Administrative Law Judge

FOOTNOTES
...TO TOP

1. All references are to the revision of the Code of Federal Regulations (C.F.R.) in effect at the time of the surveys, unless otherwise indicated.

2. The phrase "burden of proof" as used herein is treated as synonymous with the phrase "burden of persuasion." The party with the burden of producing or going forward with the evidence is not treated separately.

3. It should be noted that the CMS allegations of past violations in this case are based upon a record review, the same records offered as evidence by CMS.

4. The unrebutted evidence is that Resident 36 had a private room and bath and that his toilet supplies, including briefs were stored in the bathroom on a cart near the door. Tr. 146.

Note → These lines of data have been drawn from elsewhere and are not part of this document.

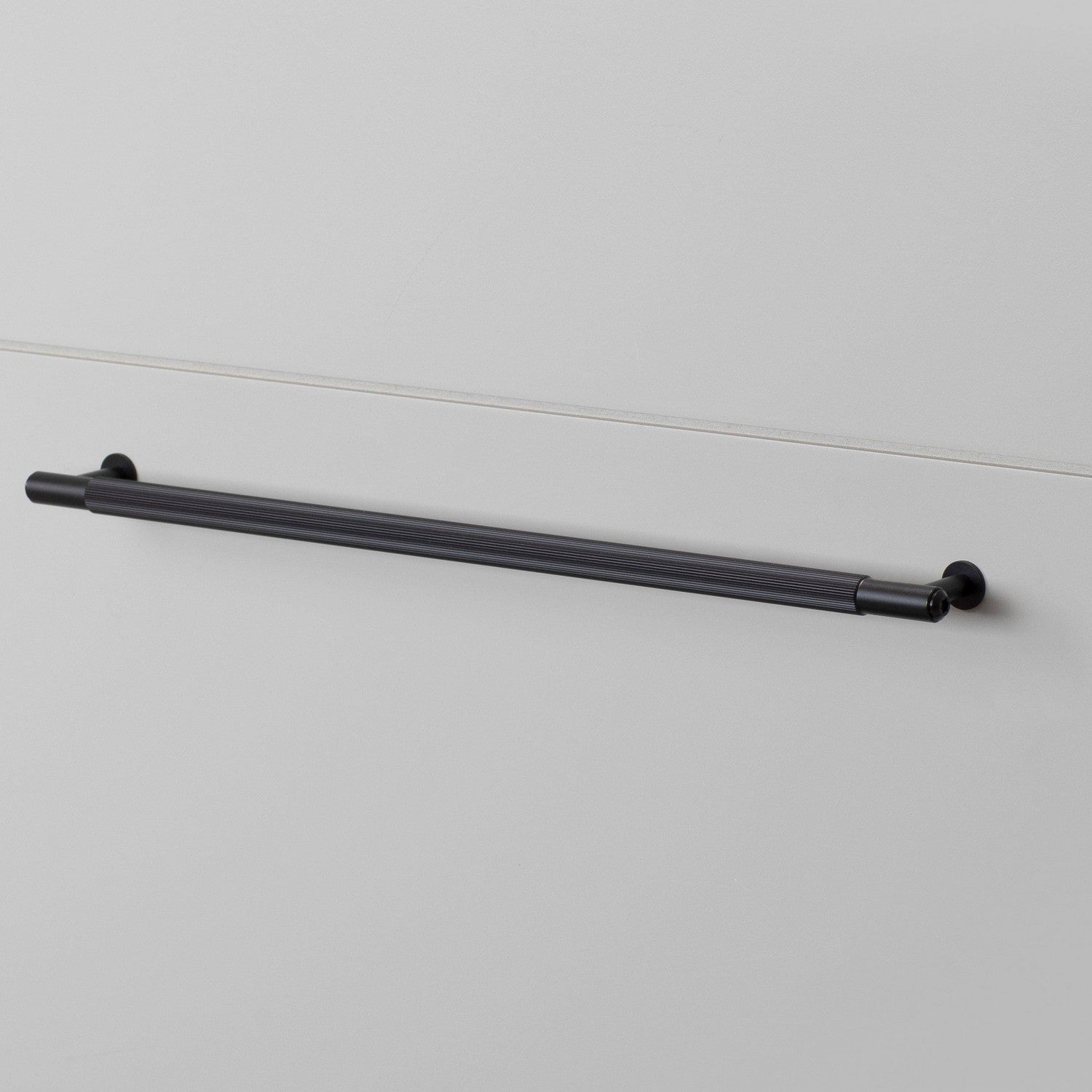A pull bar made from solid anodised black metal. This pull bar features our signature, diamond-cut, linear-knurl pattern and is refined by hand. They work great on cabinet doors, wardrobe drawers, cupboards, kitchen units and just about anything that can open.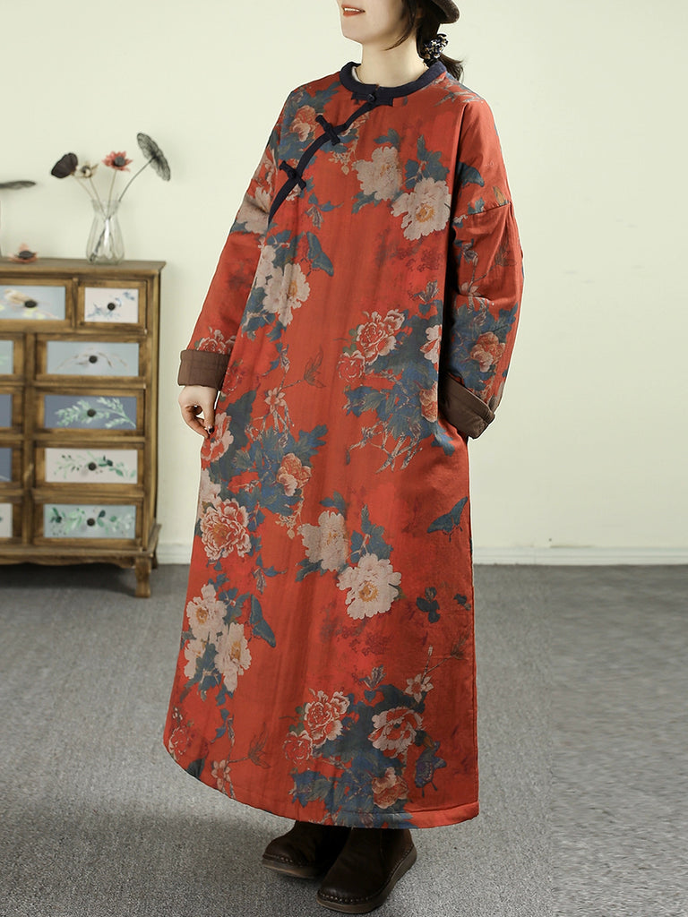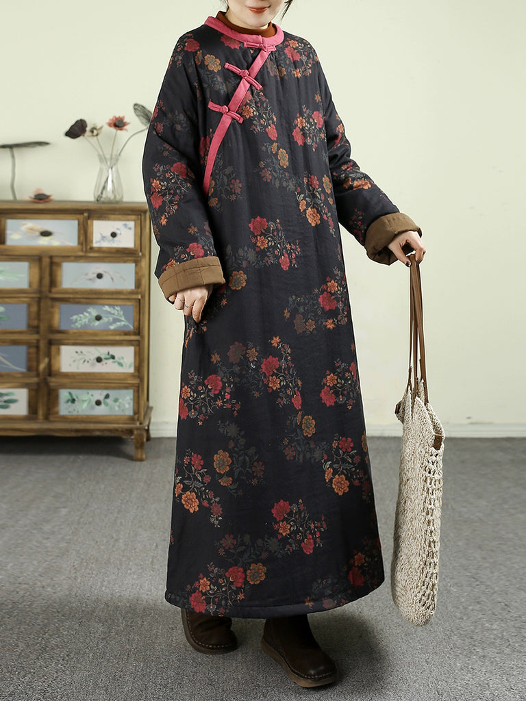 Women Winter Retro Flower Stand Collar Padded Robe Coat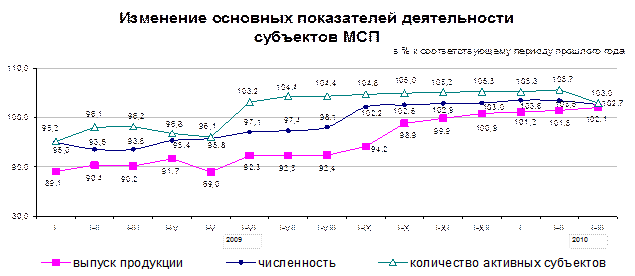 Мы видим, что в январе-марте 2010 года по сравнению с январем-мартом предыдущего года, выпуск продукции (в сопоставимых ценах) увеличился на 2,1%. При этом, количество активных субъектов МСП увеличилось на 3%, численность занятых - на 2,7%. Изменение количества активных субъектов МСП в % к соответствующей дате предыдущего года
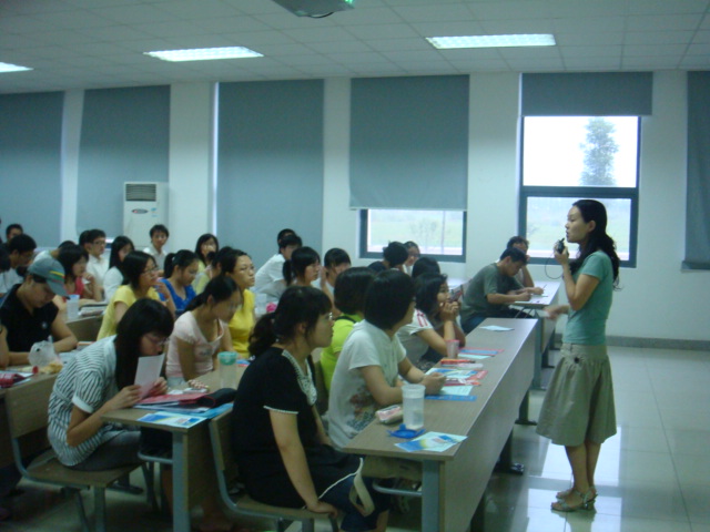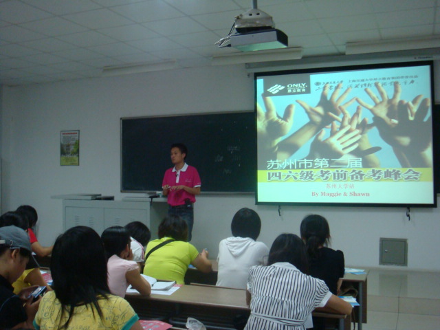 讲座的上半场由徐燕老师担任主讲。徐老师首先以一个轻松的提问活跃了全场的气氛,随后展开了她的讲解。鉴于四六级考试的改革趋势―――即2009年起部分大学四六级实行机考,徐老师对机考的试卷内容�各项的比重等做了简单的介绍,并着重讲解了应对这种新的考试形式一系列的策略和方法。徐老师带来的新信息�好方法使在座同学受益匪浅。接下来,徐老师转入对传统四六级考试备考指南的讲解。作为昂立语言培训中心的教务主任兼四六级项目部主任,徐老师深谙四六级考试的模式,因此阐述起来游刃有余,切中肯綮。在有关作文的讲解,徐老师从阅卷老师和考生两个角度做了讲说。曾担任过四六级阅卷工作的徐老师,向同学们展示了作文的评分标准,透露了高分作文秘诀,并突出强调了一些应试的小技巧。在讲解听力的应试技巧时,在展示有效的答题原则之前,徐老师提出了自信的重要性,她认为,良好的心态引领着此部分的成功。在此过程中,徐老师通过举例�互动等,调动了同学们的积极性。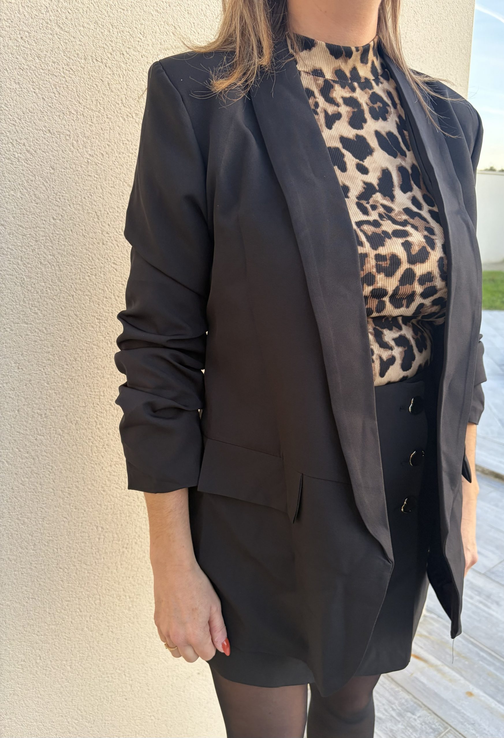 Élégante veste blazer italienne, manches froncées ajoutant une touche chic.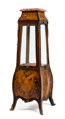 A Louis XV Style Gilt Bronze Mounted Marquetry Vitrine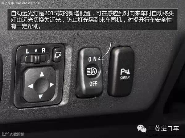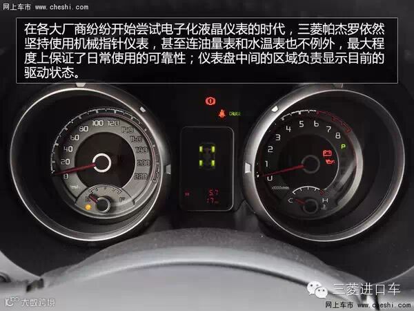 在各大厂商纷纷开始尝试电子化液晶仪表的时代,三菱帕杰罗依然坚持使用机械指针仪表,甚至连油量表和水温表也不例外,最大程度上保证了日常使用的可靠性;仪表盘中间的区域负责显示目前的驱动状态。自动远光灯是2015款的新增配置,可在感应到对向来车时自动将头灯由远光切换为近光,防止灯光晃到来车司机,对提升行车安全性有一定帮助。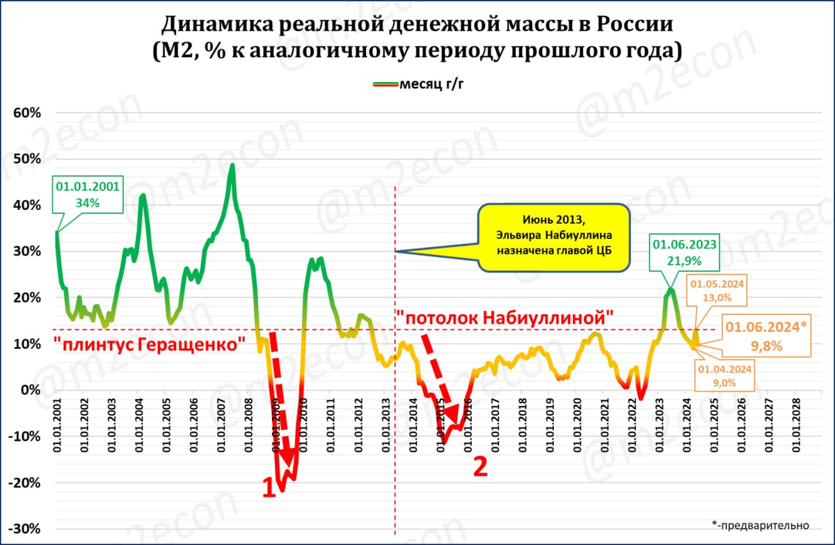 Набиуллина вернулась под свой потолок. Или, по-другому, она вновь опустила рост денежной массы "ниже плинтуса", ниже которого в 2000-2008 годах реальная денежная масса не опускалась.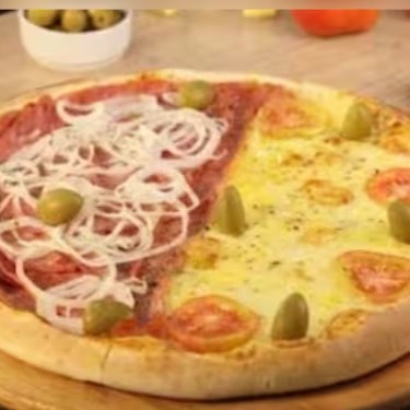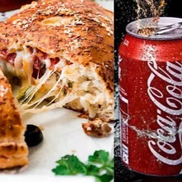 Molho de tomate, mussarela, calabresa, Catupiry, cebola, azeitona e orégano + Refri Kuat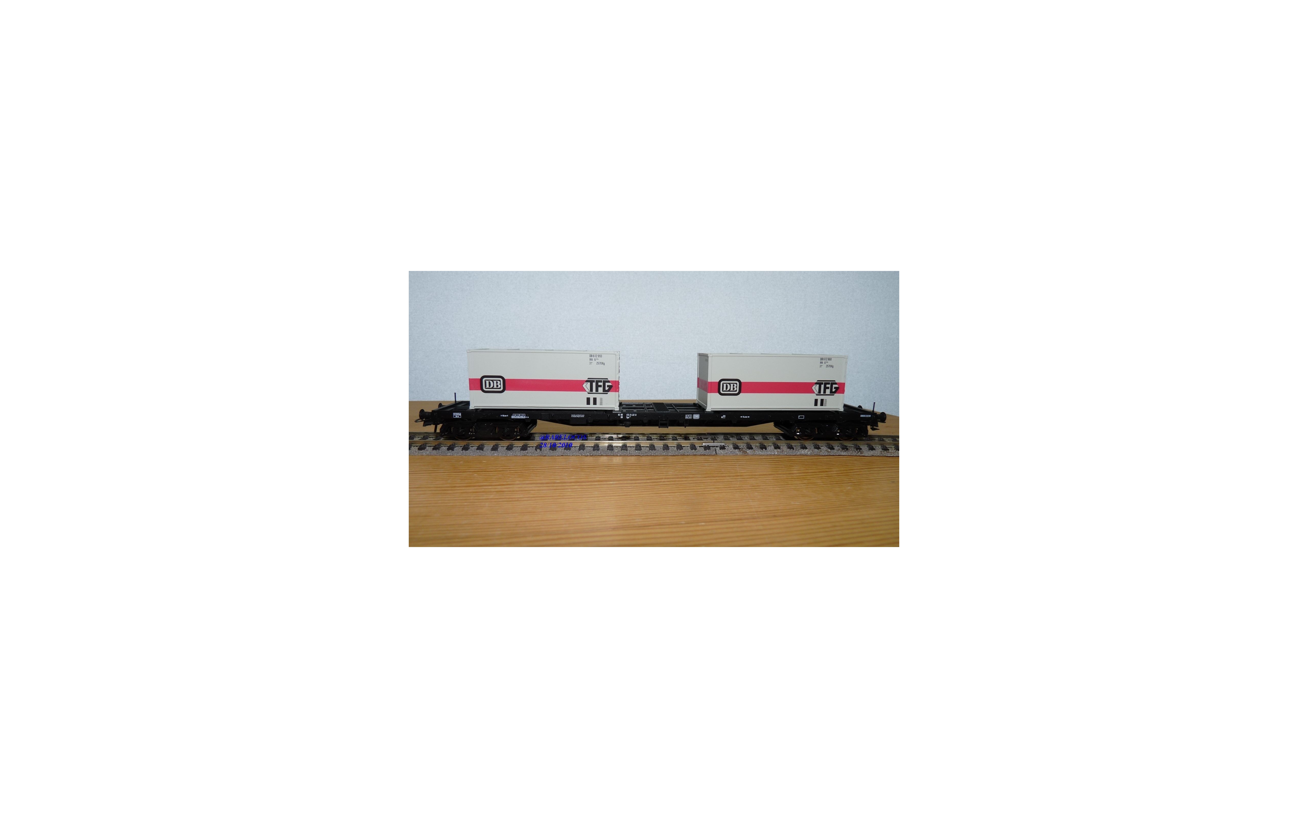 Wagon plat surbaissé à 2 bogies des chemins de fer allemands ( DB ), chargé de deux conteneurs amovibles de 20 ' aux couleurs des chemins de fer allemands ( DB TFG ), attelages à élongation, notice présente, boîte d'origine ouverte pour la première fois pour les photos.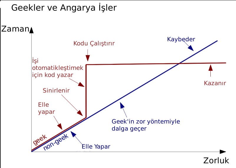 R programını güzel grafikler çizmek için kullanabilirsiniz. Ancak R’ı bir grafik çizme aracına indirmek büyük haksızlık olur. R aslında bir data toplama ve işleme programı. Hemen hemen her iş için geliştirilmiş yüzlerce eklentisiyle eminim sizin de işinize yarayacak bir özelliği vardır. İlk başta R zor gelebilir. R’ı öğrenmekle geçireceğiniz sürede aynı grafikleri Excel’de yapabilir, günü kurtarabilirsiniz. Açıkcası R öğrenmek (ya da linux, latex vb öğrenmek) biraz aşağıdaki karikatürdeki gibi . İlk başta kaybettiğinizi düşündüğünüz zamanları uzun vadede kazanacağınızdan emin olabilirsiniz.
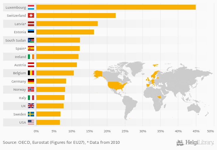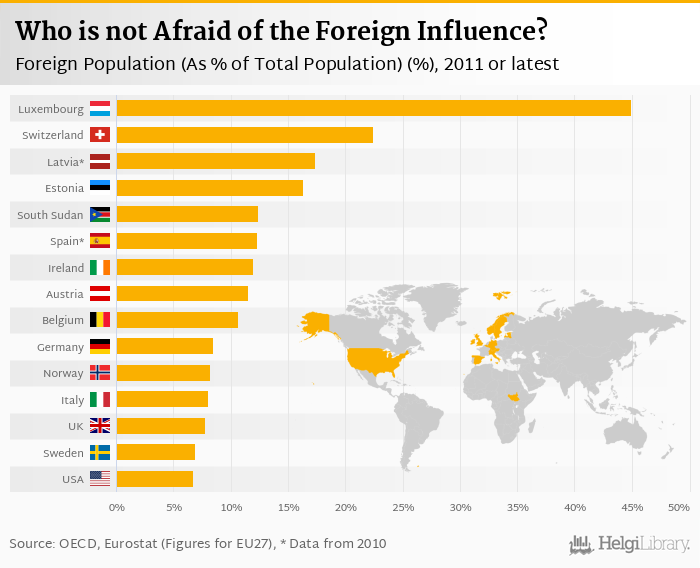 Based on a comparison of 32 countries in 2011, Luxembourg ranked the highest in foreign population as a percentage of total population with 44.9% followed by Switzerland and Latvia. On the other end of the scale was Poland with 0.145%, Mexico with 0.244% and Slovakia with 0.872%.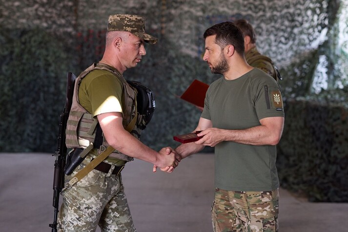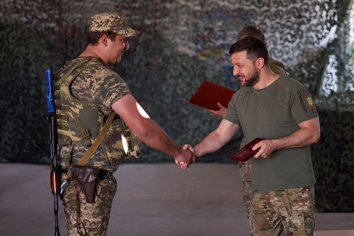 Зеленський також поспілкувався з українськими бійцями та вручив їм нагороди.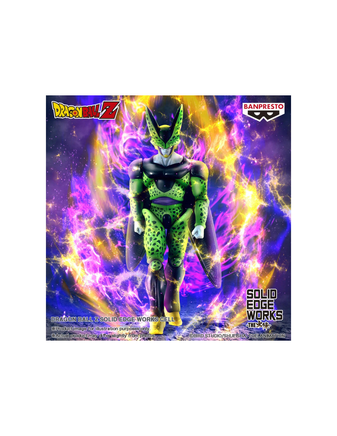 Figurine de Cell dans la collection Solid Edge Works et tirée de Dragonball Z. Elle mesure 20 cm de hauteur. Produit officiel par Banpresto / Bandai Spirits.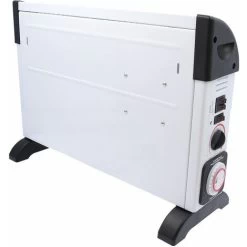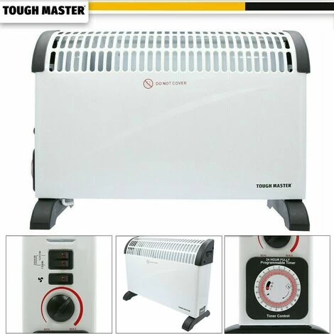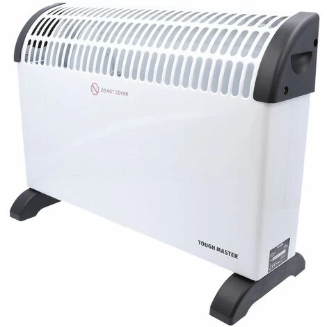 Keep your personal space at the perfect temperature with this powerful, silent convector heater from TOUGH MASTER®. It has 3 power settings: 750W, 1250W and 2000W, a fan setting and an adjustable thermostat. For added peace of mind, our convection heater is equipped with an automatic overheating protection device: If the fan heater gets too hot for any reason, this automatic overheating protection device will turn the heater off. This portable electric heater is also equipped with a thermostat to turn the heater off when it reaches a preset temperature; the thermostat then turns the electric fan heater back on when the temperature dips below the preset temperature, so the convector heater cycles on and off continuously to maintain the desired setting. Thanks to the heater’s 24h timer, you can easily preset this convection heater to switch on or off at any time of the day or night. This fan setting for this heater fan combo enables heat to be distributed throughout the rooms even more effectively and efficiently; you may also use the fan on its own in warmer months to circulate air and provide cooling relief. This quiet heater won’t disturb your sleep, reading time, working and so on. The wide, sturdy support feet for this portable heater provide maximum stability. Thanks to the power indicator light, you can clearly see whether your quiet space heater is on or off, even in darkness.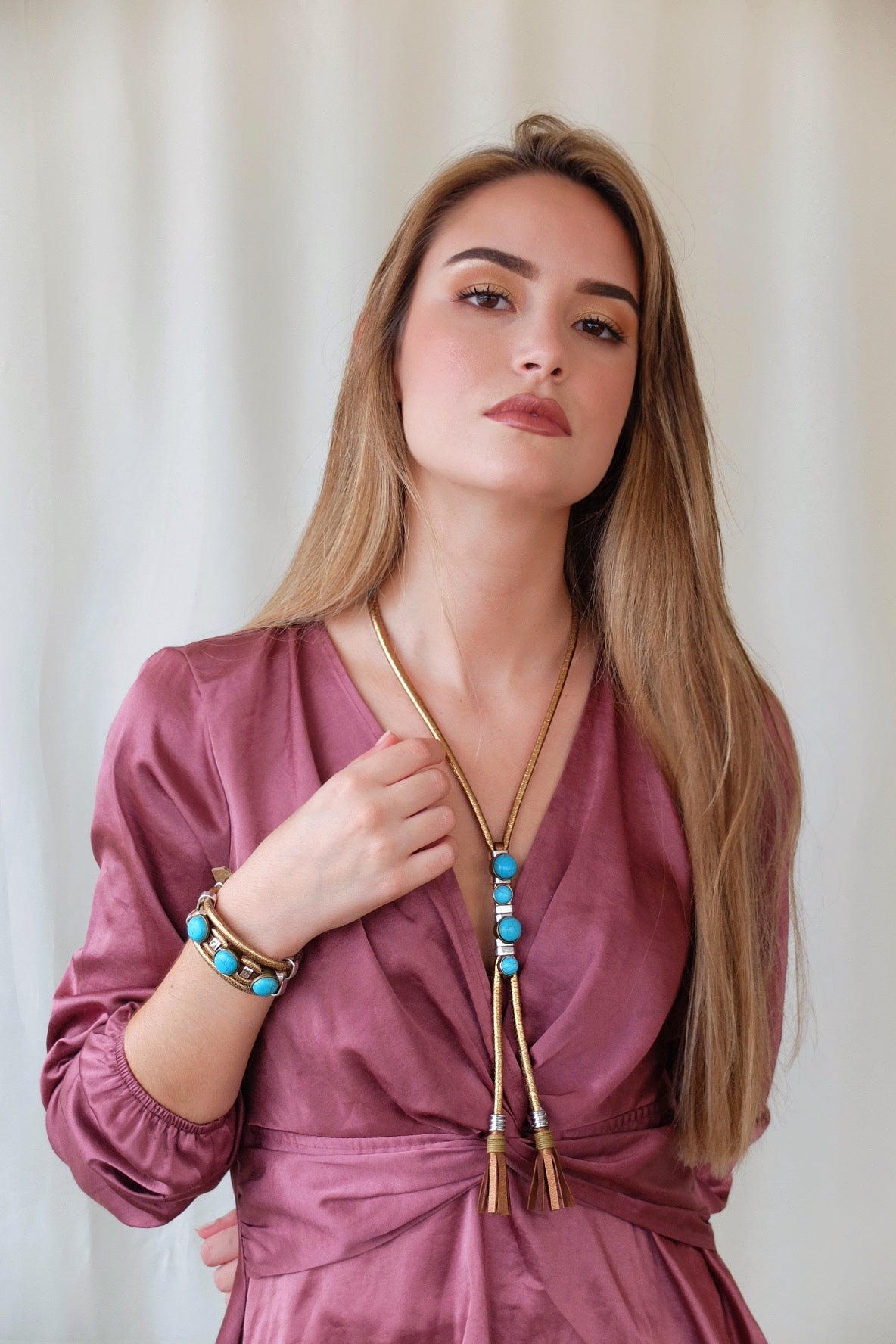 Cada detalle de la pulsera Orín ha sido cuidadosamente pensado para realzar la belleza natural de las turquesas y el cuero.

5. CMS has offered evidence that I admitted, that reflects remedial measures taken by Petitioner. Petitioner objected on grounds that its remedial measures should not be construed as proof of liability, admission, or culpability. Tr. 12-14. Federal Rule of Evidence 407, while not directly applicable in this case, specifically prohibits in most cases the use of evidence of remedial measures against an entity. Rule 407 is based on sound public policy and is intended to encourage parties to remedy problems on their own, without fear that their action will be construed against them. In the context of long-term care facilities, the rationale underlying Rule 407 is certainly applicable. It is desirable to encourage facilities to take remedial actions and not discourage such actions because a facility might be concerned that such action would be construed against it. I also recognize that is not uncommon for a facility to take remedial action, whether or not it agrees with such action, simply because a surveyor suggests the action. Accordingly, I have not construed any remedial action by Petitioner to be an admission of fault, liability, or culpability.